→ Exercise objective:
Below are records to write out exactly; drop the pictures when you do.

[Start of section]

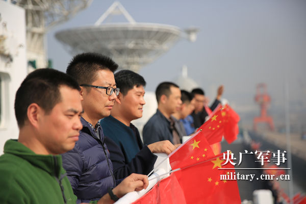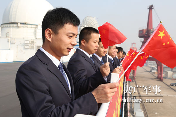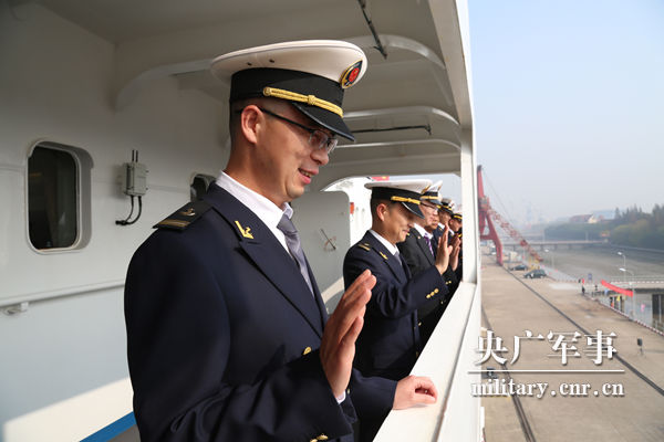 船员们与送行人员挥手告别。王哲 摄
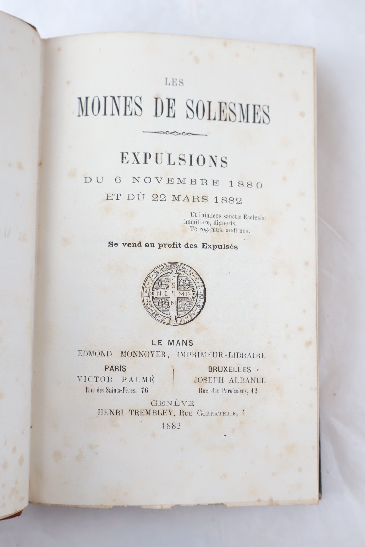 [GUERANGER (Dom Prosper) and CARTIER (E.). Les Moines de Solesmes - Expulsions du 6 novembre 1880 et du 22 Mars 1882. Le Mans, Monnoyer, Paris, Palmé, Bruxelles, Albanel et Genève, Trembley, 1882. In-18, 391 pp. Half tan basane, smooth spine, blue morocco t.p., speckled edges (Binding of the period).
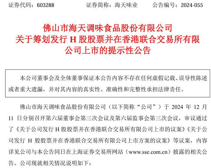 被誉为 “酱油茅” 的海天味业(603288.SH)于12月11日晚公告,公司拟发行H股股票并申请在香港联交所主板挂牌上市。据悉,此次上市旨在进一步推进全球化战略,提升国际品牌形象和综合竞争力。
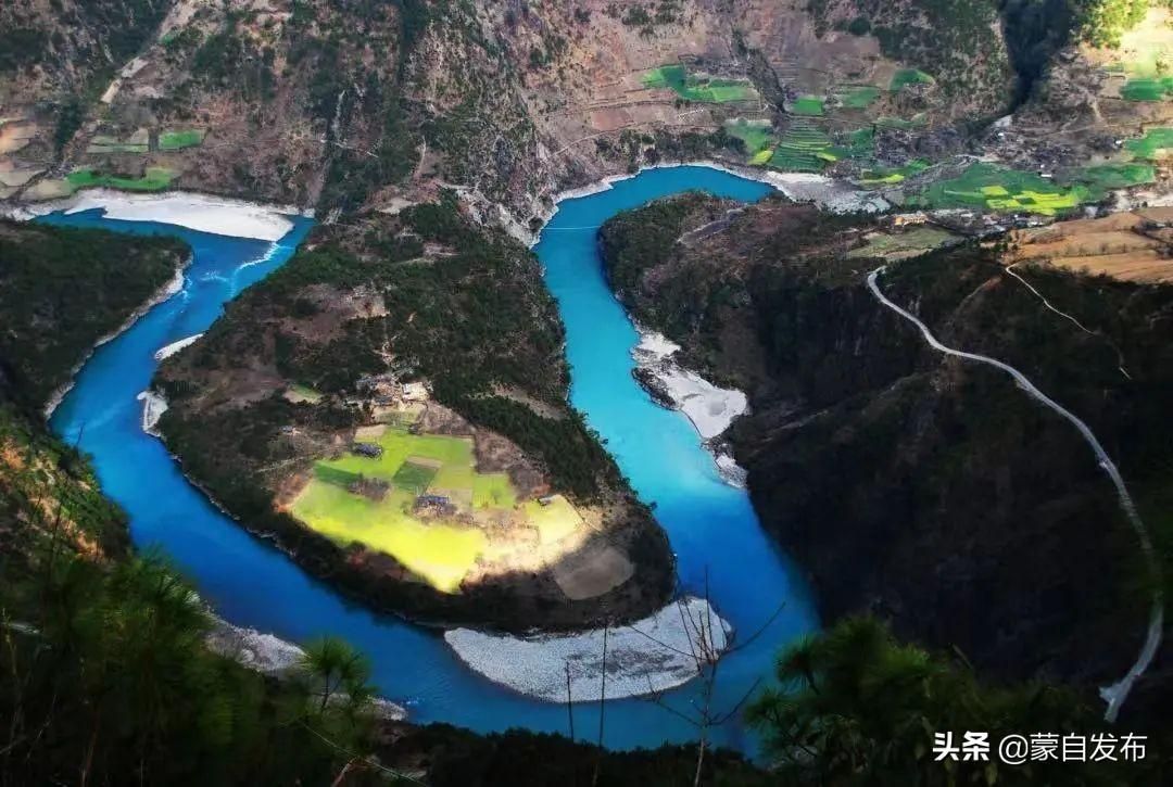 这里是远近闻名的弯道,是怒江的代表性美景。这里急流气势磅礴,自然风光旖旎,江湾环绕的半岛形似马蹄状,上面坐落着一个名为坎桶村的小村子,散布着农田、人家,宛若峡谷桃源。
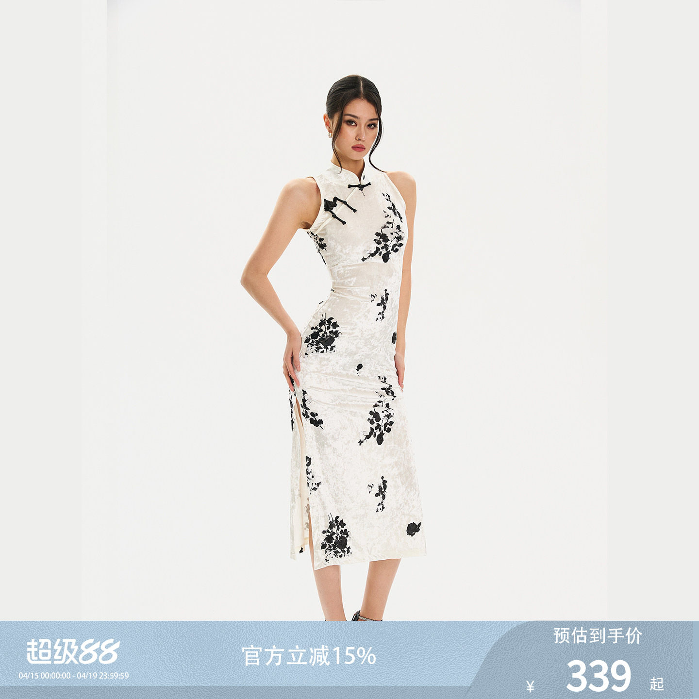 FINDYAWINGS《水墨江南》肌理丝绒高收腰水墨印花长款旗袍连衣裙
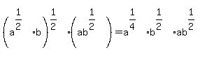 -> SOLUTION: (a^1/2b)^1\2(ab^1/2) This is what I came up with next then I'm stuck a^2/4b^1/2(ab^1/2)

[End of section]

→ Result of this task:
 船员们与送行人员挥手告别。王哲 摄
 [GUERANGER (Dom Prosper) and CARTIER (E.). Les Moines de Solesmes - Expulsions du 6 novembre 1880 et du 22 Mars 1882. Le Mans, Monnoyer, Paris, Palmé, Bruxelles, Albanel et Genève, Trembley, 1882. In-18, 391 pp. Half tan basane, smooth spine, blue morocco t.p., speckled edges (Binding of the period).
 被誉为 “酱油茅” 的海天味业(603288.SH)于12月11日晚公告,公司拟发行H股股票并申请在香港联交所主板挂牌上市。据悉,此次上市旨在进一步推进全球化战略,提升国际品牌形象和综合竞争力。
 这里是远近闻名的弯道,是怒江的代表性美景。这里急流气势磅礴,自然风光旖旎,江湾环绕的半岛形似马蹄状,上面坐落着一个名为坎桶村的小村子,散布着农田、人家,宛若峡谷桃源。
 FINDYAWINGS《水墨江南》肌理丝绒高收腰水墨印花长款旗袍连衣裙
 -> SOLUTION: (a^1/2b)^1\2(ab^1/2) This is what I came up with next then I'm stuck a^2/4b^1/2(ab^1/2)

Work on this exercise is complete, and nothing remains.